• Exercise brief: Your response should consist of the entire listing, transcribed exactly, with every image left out.

• Extracted data:
----------------
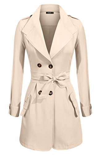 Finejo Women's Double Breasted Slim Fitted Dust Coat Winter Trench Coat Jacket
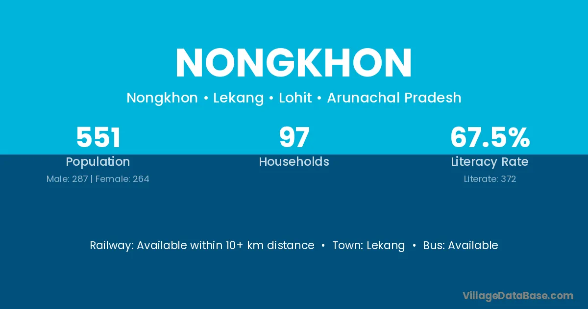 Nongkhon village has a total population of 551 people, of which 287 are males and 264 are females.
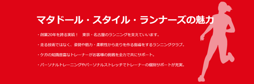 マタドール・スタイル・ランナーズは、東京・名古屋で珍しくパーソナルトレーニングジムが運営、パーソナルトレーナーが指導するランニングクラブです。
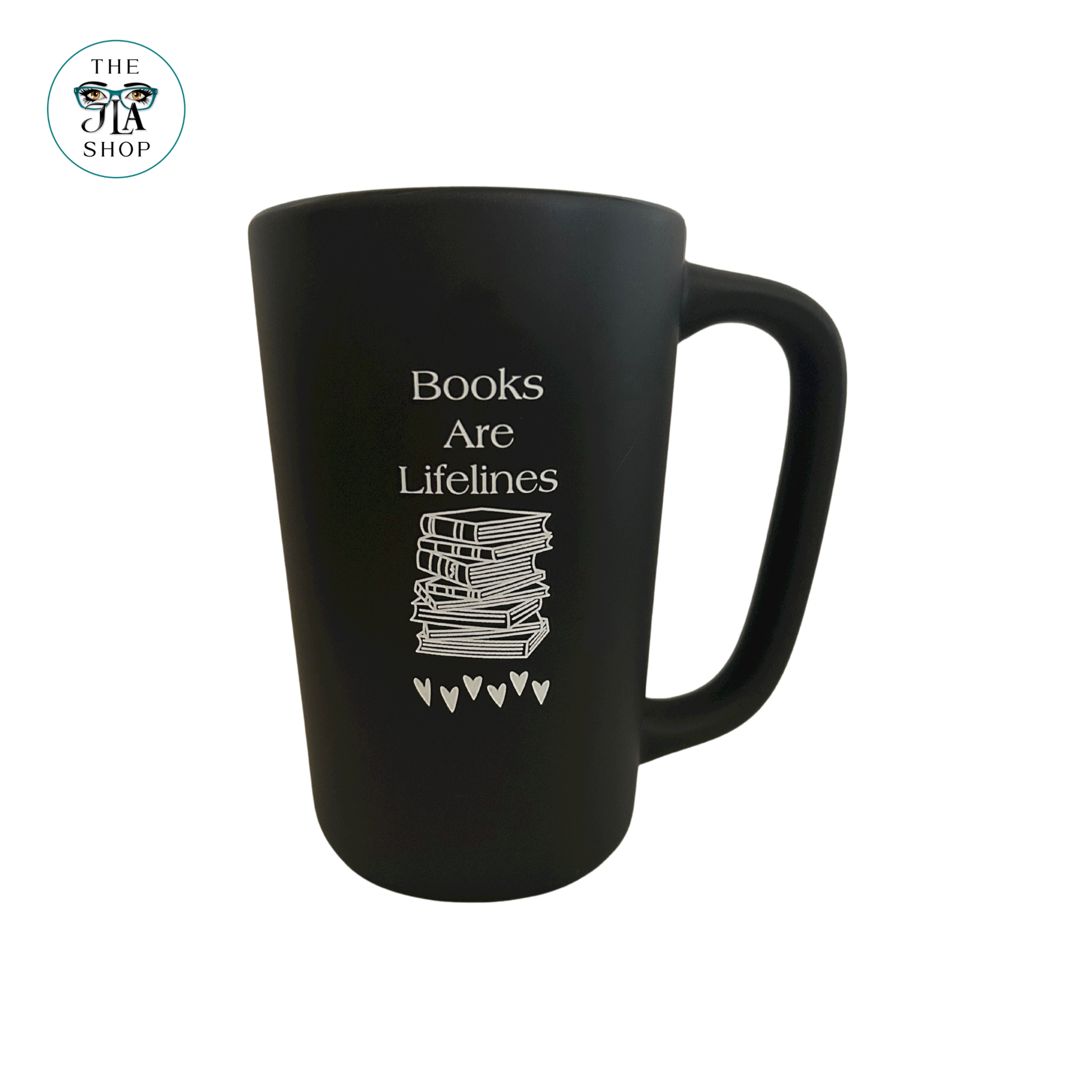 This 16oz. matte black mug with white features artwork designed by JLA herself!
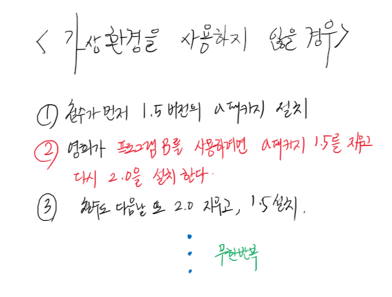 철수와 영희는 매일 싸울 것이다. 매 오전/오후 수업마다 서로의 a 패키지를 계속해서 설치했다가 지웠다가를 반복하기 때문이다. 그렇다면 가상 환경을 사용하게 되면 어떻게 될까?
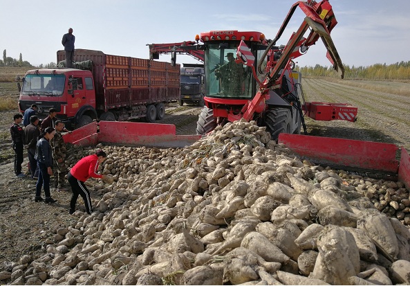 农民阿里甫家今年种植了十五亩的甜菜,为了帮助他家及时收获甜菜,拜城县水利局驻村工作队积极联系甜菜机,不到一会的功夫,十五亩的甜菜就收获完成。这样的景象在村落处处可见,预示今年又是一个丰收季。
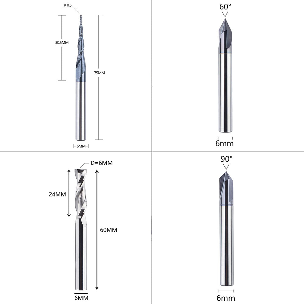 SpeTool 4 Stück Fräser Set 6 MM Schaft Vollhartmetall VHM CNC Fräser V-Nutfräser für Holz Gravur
----------------
• Exercise result:
 Finejo Women's Double Breasted Slim Fitted Dust Coat Winter Trench Coat Jacket
 Nongkhon village has a total population of 551 people, of which 287 are males and 264 are females.
 マタドール・スタイル・ランナーズは、東京・名古屋で珍しくパーソナルトレーニングジムが運営、パーソナルトレーナーが指導するランニングクラブです。
 This 16oz. matte black mug with white features artwork designed by JLA herself!
 철수와 영희는 매일 싸울 것이다. 매 오전/오후 수업마다 서로의 a 패키지를 계속해서 설치했다가 지웠다가를 반복하기 때문이다. 그렇다면 가상 환경을 사용하게 되면 어떻게 될까?
 农民阿里甫家今年种植了十五亩的甜菜,为了帮助他家及时收获甜菜,拜城县水利局驻村工作队积极联系甜菜机,不到一会的功夫,十五亩的甜菜就收获完成。这样的景象在村落处处可见,预示今年又是一个丰收季。
 SpeTool 4 Stück Fräser Set 6 MM Schaft Vollhartmetall VHM CNC Fräser V-Nutfräser für Holz Gravur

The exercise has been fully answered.